Polsko-niemieckie nabożeństwo sprawowane w kościele ewangelicko-augsburskim Świętej Trójcy na Placu Małachowskiego w Warszawie było wspólną inicjatywą Polskiej Rady Ekumenicznej i Kościoła Ewangelickiego w Niemczech.
W pierwszej części nabożeństwa oprócz pieśni pokutnych i modlitwy o pokój, nastąpiła seria świadectw osób, które ucierpiały w czasie wojny osobiście lub mających takie osoby w rodzinie, a także ludzi zaangażowanych w proces pojednania polsko-niemieckiego.

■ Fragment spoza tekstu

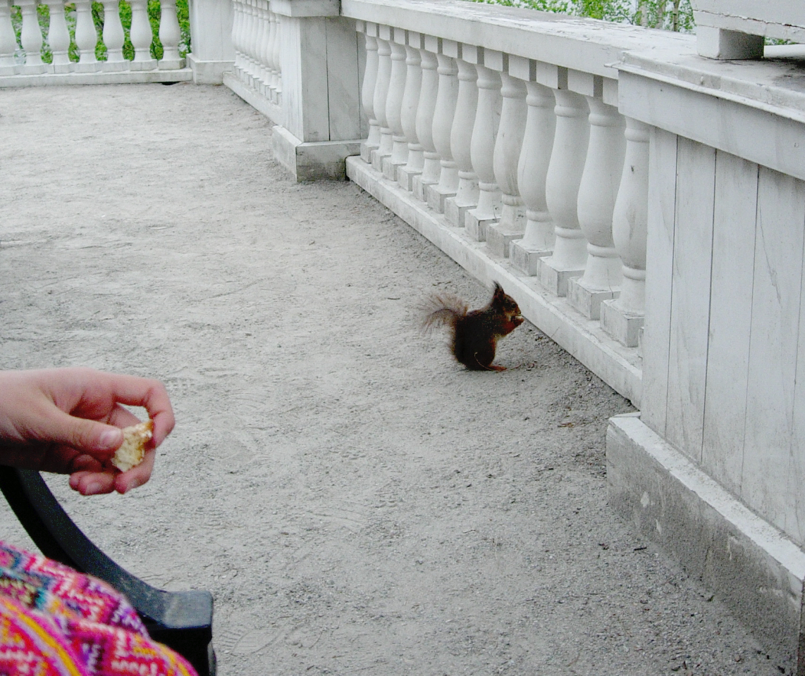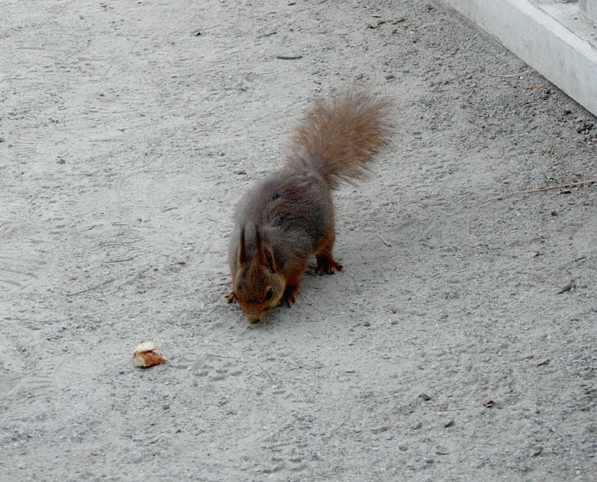 Den där matglada ekorren fick mig att tänka på en gång när ett helt gäng fåglar, däribland en större hackspett (!) följde efter mig genom halva Bergianska och tiggde mat.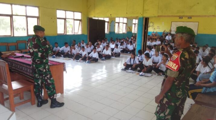 NTT-KUPANG, – Dalam rangka Masa Pengenalan Lingkungan Sekolah (MPLS), Babinsa Koramil 1604-02/Camplong memberikan materi dan pelatihan Peraturan Baris Berbaris (PBB) kepada siswa baru SMAN 1 Amabi Oefeto yang terletak di Desa Fatukanutu, Kecamatan Amabi Oefeto, Kabupaten Kupang. Kegiatan ini dipimpin oleh Serka Luis Zavier bersama Sertu Towo dan Koptu Rony Tipawael, yang berlangsung penuh semangat dan kedisiplinan. Jumat (18/07/2025).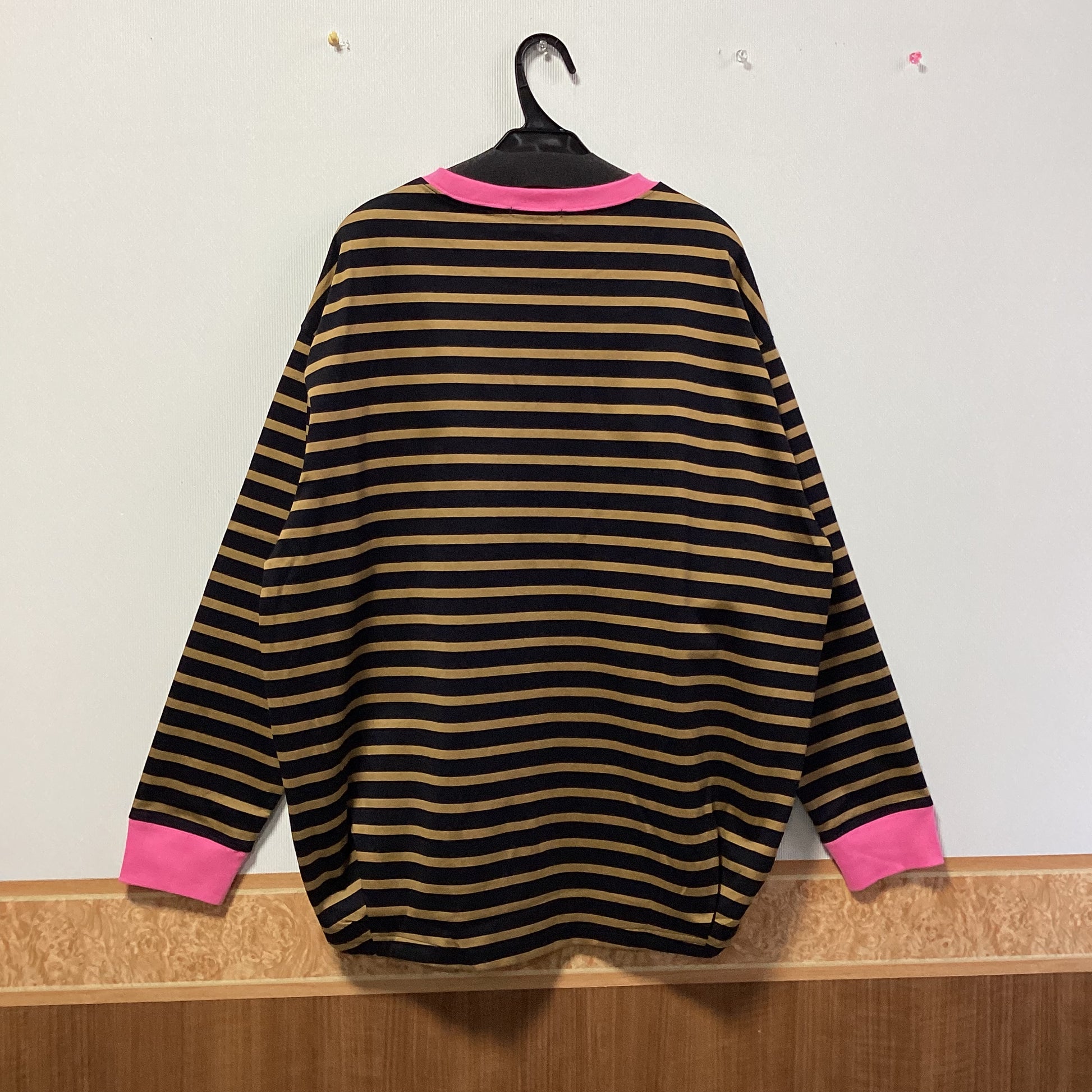 首まわりと袖口のピンクカラーがアクセントのボーダー柄プルオーバーです。

Pomóż w rozwoju naszego portalu
Byli to m.in. Stanisław Zalewski, świadek tragizmu getta warszawskiego, członek Związku Walki Zbrojnej, więzień Pawiaka, Auschwitz-Birkenau i Mauthausen-Gusen; córka Marii Milbrandt, harcerki, sanitariuszki w Powstaniu Warszawskim, jeńca kilku obozów; ks. dr Hans-Henning Ness, wypędzony po wojnie z rodziną w Rothbach (pol. Gorce), jako dziecko świadek brutalnych prześladowań ludności niemieckiej wyrzucanej z domów zajętych przez komunistyczną milicję.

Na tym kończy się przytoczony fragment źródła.